Figure 5. TLR agonists activate NF-κB in infected cells

(A) 1 × 10⁶ U937 and U1 cells were transfected with an NF-κB-SEAP reporter and exposed to 500 ng Pam₃CSK₄, 5 μg/ml ultra-purified LPS, 5 μg/ml WT LPS or 1 μM CpG DNA. Cell culture supernatant was collected 48 h post-treatment and assayed for SEAP activity. Data represent the mean and SD of 3 separate experiments. (*) p < 0.05, treatment of U937 cells with the specified TLR ligand resulted in a significantly higher induction of activated NF-κB when compared with U1 cells. (B–D) 1 × 10⁶ U937 and U1 cells were treated as described above. Cell culture supernatant was collected 24 h post-treatment and assayed for (B) IL-1β, (C) TNFα and (D) IL-6 using Luminex fluorescent bead technology. (*) p < 0.05, treatment with the specified agonists resulted in a significant difference in cytokine secretion between U937 and U1 cells.

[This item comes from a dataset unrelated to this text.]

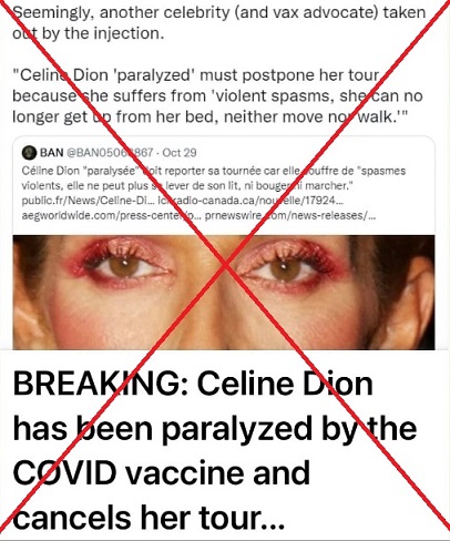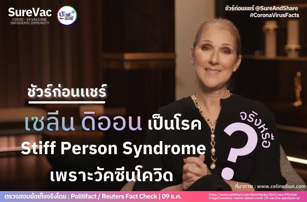 มีข้อมูลเท็จเผยแพร่ทางสื่อสังคมออนไลน์ในต่างประเทศ เมื่อมีการอ้างว่าสาเหตุที่ทำให้ เซลีน ดิออน นักร้องสาวคนดังวัย 54 ปีต้องป่วยเป็นโรค Stiff Person Syndrome หรือโรคคนแข็ง จนต้องเลื่อนการแสดงทัวร์คอนเสิร์ต เป็นผลมาจากการฉีดวัคซีนโควิด-19 เพราะมีหลักฐานยืนยันว่า Stiff Person Syndrome คือหนึ่งในอาการไม่พึงประสงค์จากวัคซีนโควิด-19 ของบริษัท Pfizer-BioNTech

Figure 6. TLR4 engagement does not activate the HIV-LTR

1 × 10⁶ TLR2, TLR4/MD2 or TLR9 293T cells were transfected with an attenuated NL4-luciferase reporter and stimulated for 12 h as described in Figure 1. Data represent the fold-increase in NL4 activity relative to un-stimulated cells and represent the mean and SEM of 3 separate experiments. (*) p < 0.05, treatment of cell lines with the specified agonists resulted in a significant increase in NL4-lucifierase activity compared with the respective un-stimulated cells.